> WHAT YOU NEED TO DO
Across the whole listing, return each line exactly, with no images included.

> DATA EXCERPT
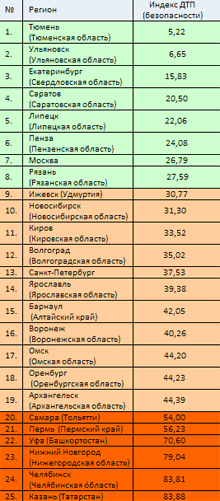Лидерами рейтинга признаны Казань, Челябинск, Нижний Новгород, Уфа, Пермь, Самара. В Казани, как отмечают авторы исследования, количество ДТП из-за плохих дорог составляет 83,88% от общего числа.
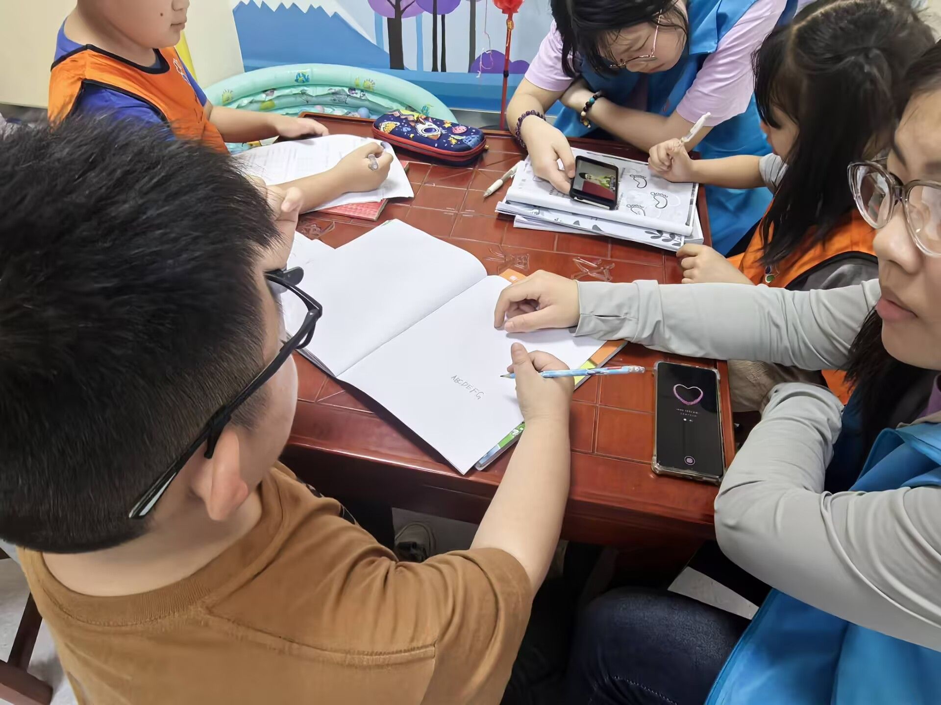 “很多家长工作繁忙,孩子独自在家既不安全也易荒废时间。我们希望能真正帮他们解决后顾之忧,”志愿者外语学院学生徐同学表示。带队教师李老师强调,此次“辅导+托管”双轨模式是学校响应社会需求、深化实践育人的创新尝试,引导学生在服务基层中锤炼责任担当与组织协调能力。
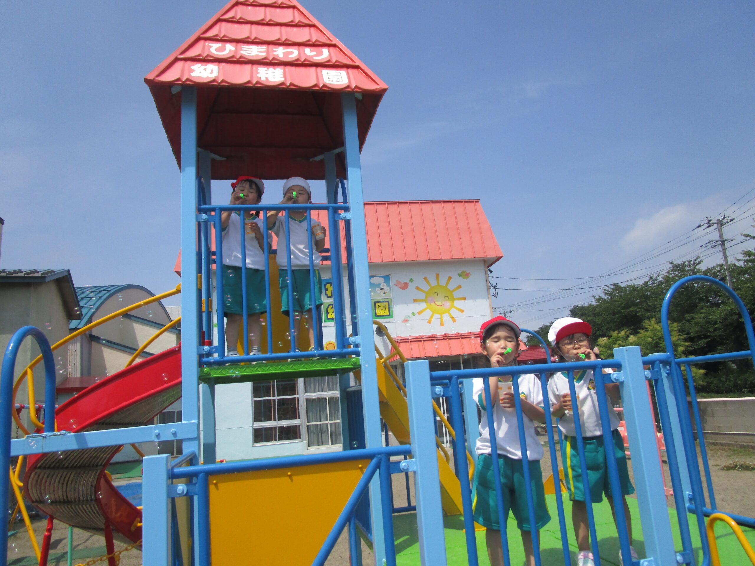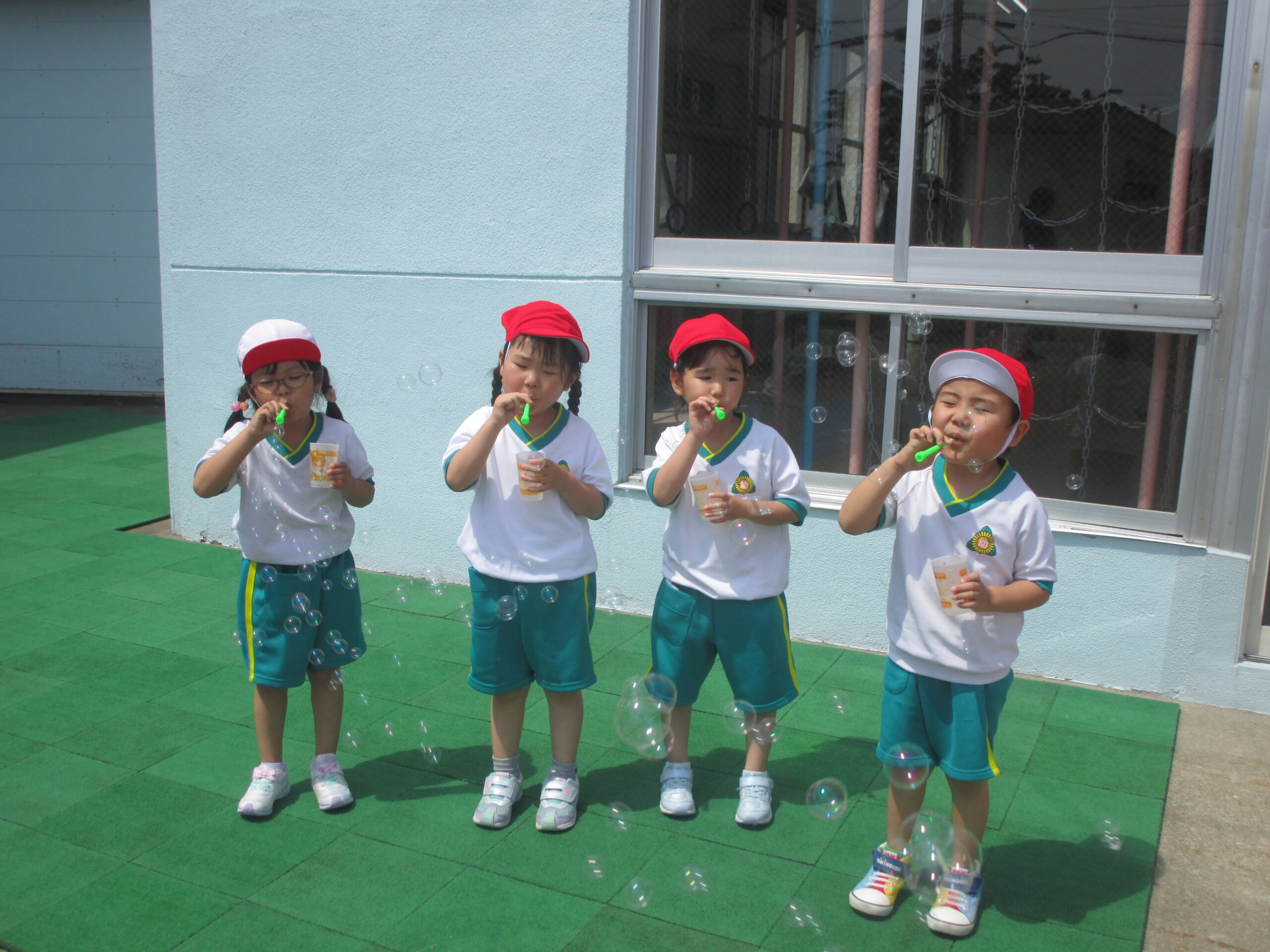 たくさんストローの先から出てくるシャボン玉を見ながら楽しんでいました。

> TASK OUTPUT
Лидерами рейтинга признаны Казань, Челябинск, Нижний Новгород, Уфа, Пермь, Самара. В Казани, как отмечают авторы исследования, количество ДТП из-за плохих дорог составляет 83,88% от общего числа.
 “很多家长工作繁忙,孩子独自在家既不安全也易荒废时间。我们希望能真正帮他们解决后顾之忧,”志愿者外语学院学生徐同学表示。带队教师李老师强调,此次“辅导+托管”双轨模式是学校响应社会需求、深化实践育人的创新尝试,引导学生在服务基层中锤炼责任担当与组织协调能力。
 たくさんストローの先から出てくるシャボン玉を見ながら楽しんでいました。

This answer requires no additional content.